Let’s review the syntax to produce an EFA on the engineering data using oblimin rotation. We will use iterated PAF extraction, although any method would provide similar results. (See Chapter 2.) We selected oblimin rotation for this data because the factors are known to be correlated. The syntax to run this analysis is presented below.[8]

proc factor data = engdata  nfactors = 2  method = PRINIT  priors = SMC
      rotate = OBLIMIN;
   var EngProb: INTERESTeng: ;
run;

This syntax produces a series of results—within which we can see the four factor loading matrices (discussed above) of particular interest to us. These matrices are presented in Figure 4.2 Factor loading matrices output. Notice how the coefficients in the unrotated factor matrix (in the upper left of the figure) are generally larger in absolute magnitude and more difficult to interpret than the other matrices. Although we expected (and see evidence of) two very clear factors, the unrotated factor loadings do not immediately identify these two separate factors. All 14 items seem to have similar loadings on factor 1 and it is only in combination with the loadings on factor 2 where the two factors separate. If we plot each item in two-dimensional space (as done in Figure 4.1 Example of unrotated and rotated factor loading plot from engineering data), we clearly see the separation; however, rotation can help us interpret these results without plotting.
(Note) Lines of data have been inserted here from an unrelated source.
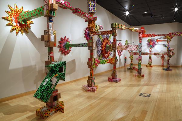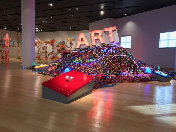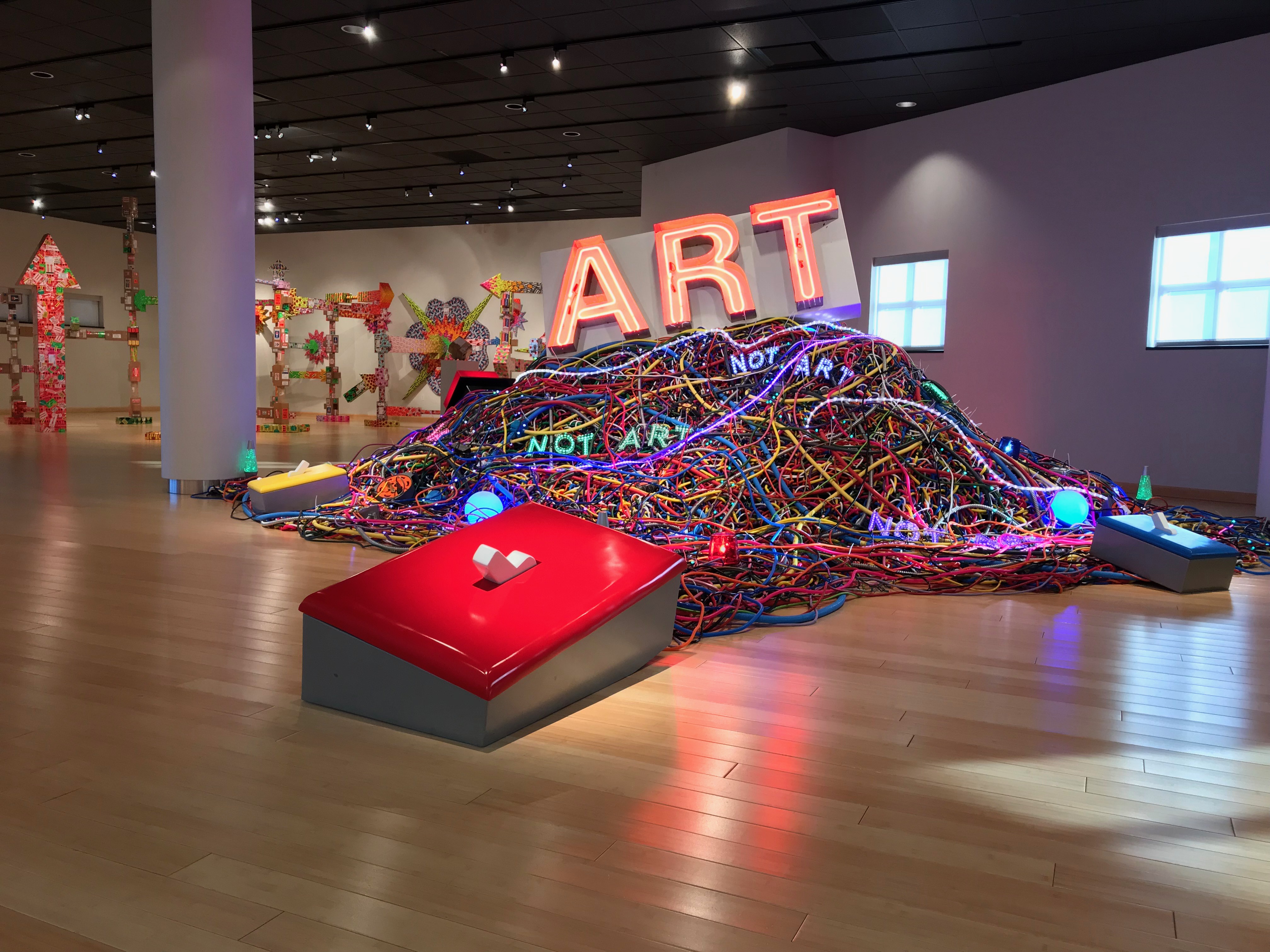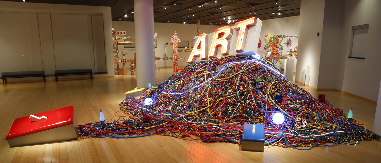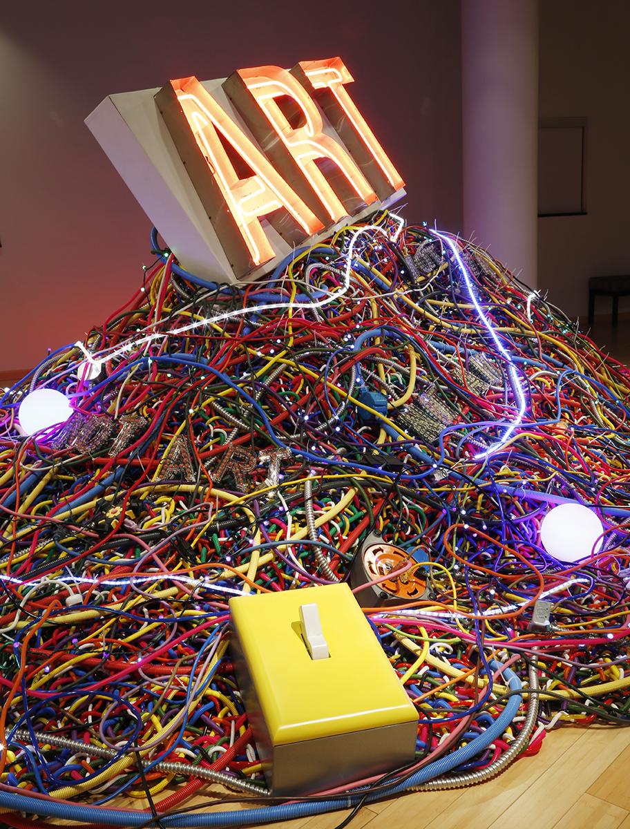 Wall-mounted works exploring the use of laser-cut postage stickers to create imagery include The Old Albany Post Office series, which references nostalgia and replacement of old analog processes with more modern technologies; and Touch, a series based on artist Mierle Laderman Ukeles’ 1979-80 performance entitled Touch Sanitation where she thanked and shook the hands of 8,500 NYC sanitation workers. Ferraro’s Light Switch series includes interactive installations that allow the viewer to make ART, or in some cases, declare the work NOT ART. They happily abound with irony and sarcasm because making art is anything but flipping a switch.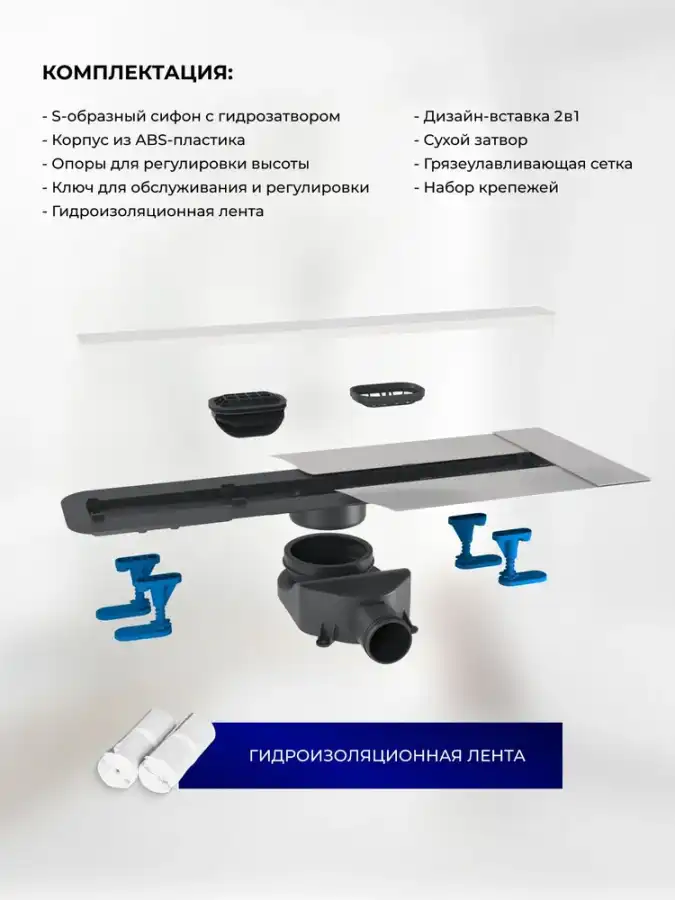 Полная комплектация — регулируемые опоры, крепеж, гидроизоляционная лента, ключ для обслуживания.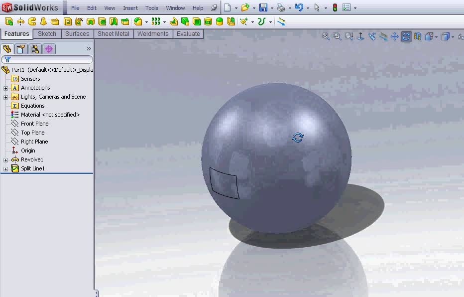 I have projected a sketch on the face of a ball, and now I want to color this area with a different color.

The rotated pattern matrix and the rotated structure matrix (in the upper right and lower right of the figure) support the same two-factor solution proposed in the plot of the unrotated results: the eight engineering problem-solving items load on factor 1, and the six interest items load on factor 2. However, notice that the matrices have slight differences in their factor loadings. The off-factor loadings (e.g., loading of EngProbSolv1 on factor 2) in the rotated structure matrix are higher than those in the rotated pattern matrix. As we stated previously, this is because the structure matrix represents the simple correlation between the item and the factor, but the pattern matrix reflects the unique relationship between the two, holding the other factor constant. The factors in this example analysis are correlated, r = 0.37. Thus, holding one constant removes the shared variance from the analysis and clarifies the unique factor structure. It is important to interpret both in order to diagnose how the correlation between factors might be affecting the results.

The reference structure matrix (in the lower left of the figure) presents a nearly identical picture as the rotated pattern matrix. There are slight differences in the loadings that can be traced to the difference in metric, but it does not tell us anything new. This matrix is not traditionally interpreted, and it is not output by other programs. We present the results below only in order to provide an explanation of the results that you might see. Since it does not provide any information beyond what is provided in the pattern matrix, we will not include it in subsequent examples.